TÜBİTAK Projesi, 2019 - 2020
Akciğer kanserleri dünyada en çok ölüme yol açan kanser türleri arasında ilk sıralarda yer
almaktadır. En yaygın akciğer kanseri türü küçük hücreli dışı akciğer kanseridir. Akciğer
kanserini tedavi etmek ve fazla yan etkisi olmayan güvenli ve etkili ilaçların geliştirilmesi son
yıllarda kanser araştırmalarında odak noktası haline gelmiştir. Kanser tedavisinde kullanılmak
üzere antiproliferatif ve sitostatik ilaçların potansiyel yeni bir terapötik sınıfı olarak seramidaz
inhibitörleri gösterilmektedir.

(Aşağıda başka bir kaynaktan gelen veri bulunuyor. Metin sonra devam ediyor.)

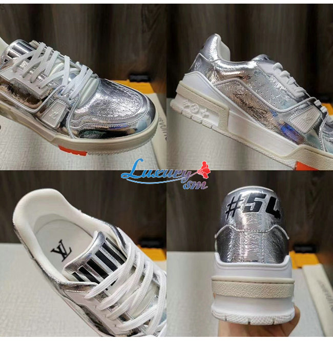 메탈릭 실버 색상의 가죽 으로 제작된 LV 트레이너

Hem normal hem de malign hücrelerde asit seramidazların
baskılanması apoptozise yol açmaktadır. Malign hücrelerde seramid konsantrasyonlarını
yüksek tutmak ve hücre sağkalımını tetiklemek üzere hareket eden ve apoptozisi teşvik eden
B13 (D-NMAPPD) asit seramidaz enzimlerinin güçlü bir inhibitörüdür. Bu tip maddelerin
kullanımı ve bunların yeni formulasyonlarının geliştirilmesi kanser tedavisinde yeni
yaklaşımlara ışık tutucu olabilmektedir. Kanser tedavilerinde yeni yaklaşımlardan biri olan
nano-teknolojinin en önemli ürünleri olarak gösterilen nanopartiküller birçok hastalığın teşhis
ve tedavisinde kullanılmaya başlanılmıştır. Bu tip tedavilerde ilaç yüklenmiş nanopartikül
formlar sayesinde yüksek etkili tedaviler geliştirilebilmektedir. Bu tedavi ajanları sağlıklı
hücrelere zarar vermemeleri, yan etkilerinin az olması, yüksek seçiciliğe sahip olmaları ve
malign hücrelerde sitotoksisitelerinin yüksek olmasından dolayı ilgi görmektedirler.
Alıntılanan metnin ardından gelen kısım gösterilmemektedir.